Task instructions: Begin at the line below that has "- Απλώστε μικρή". Stop after the line that has "Charming 3 bedroom", repeating each line exactly and leaving out the pictures.

Listed entries:
::::

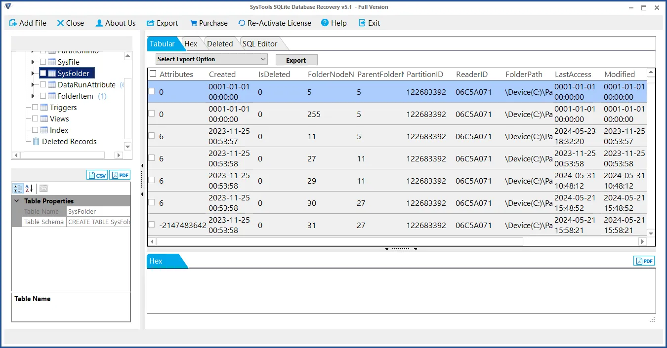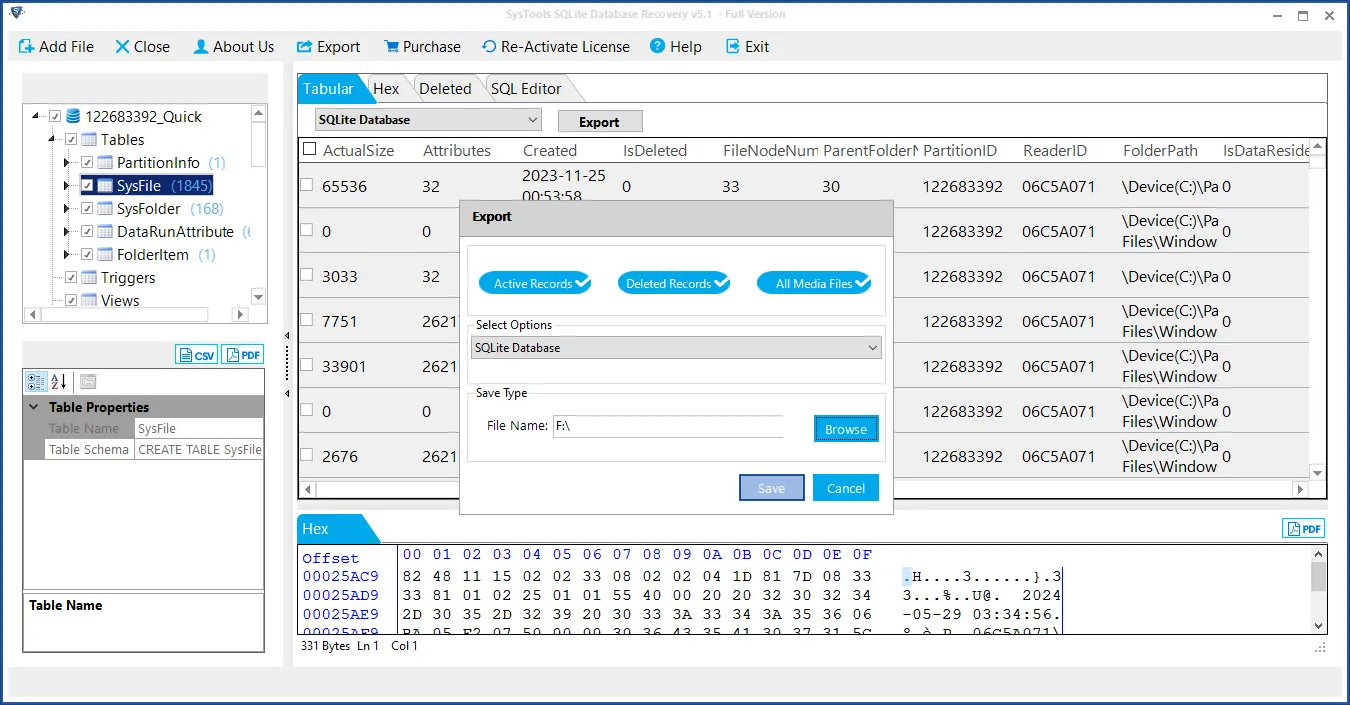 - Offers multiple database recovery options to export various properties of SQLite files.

::::

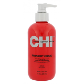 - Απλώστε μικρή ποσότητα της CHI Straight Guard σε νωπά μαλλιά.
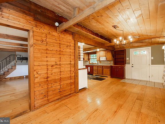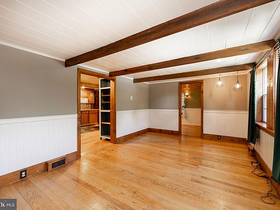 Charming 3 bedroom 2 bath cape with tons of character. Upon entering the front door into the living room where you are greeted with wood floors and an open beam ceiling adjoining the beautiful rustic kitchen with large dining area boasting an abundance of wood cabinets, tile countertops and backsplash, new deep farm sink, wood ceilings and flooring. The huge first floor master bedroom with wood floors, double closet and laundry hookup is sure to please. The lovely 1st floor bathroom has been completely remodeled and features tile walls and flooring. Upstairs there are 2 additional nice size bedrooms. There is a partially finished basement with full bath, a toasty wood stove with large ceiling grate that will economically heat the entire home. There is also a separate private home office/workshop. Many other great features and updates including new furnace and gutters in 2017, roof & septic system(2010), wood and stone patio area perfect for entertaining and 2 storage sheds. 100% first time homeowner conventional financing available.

::::

Solution:
 - Απλώστε μικρή ποσότητα της CHI Straight Guard σε νωπά μαλλιά.
 Charming 3 bedroom 2 bath cape with tons of character. Upon entering the front door into the living room where you are greeted with wood floors and an open beam ceiling adjoining the beautiful rustic kitchen with large dining area boasting an abundance of wood cabinets, tile countertops and backsplash, new deep farm sink, wood ceilings and flooring. The huge first floor master bedroom with wood floors, double closet and laundry hookup is sure to please. The lovely 1st floor bathroom has been completely remodeled and features tile walls and flooring. Upstairs there are 2 additional nice size bedrooms. There is a partially finished basement with full bath, a toasty wood stove with large ceiling grate that will economically heat the entire home. There is also a separate private home office/workshop. Many other great features and updates including new furnace and gutters in 2017, roof & septic system(2010), wood and stone patio area perfect for entertaining and 2 storage sheds. 100% first time homeowner conventional financing available.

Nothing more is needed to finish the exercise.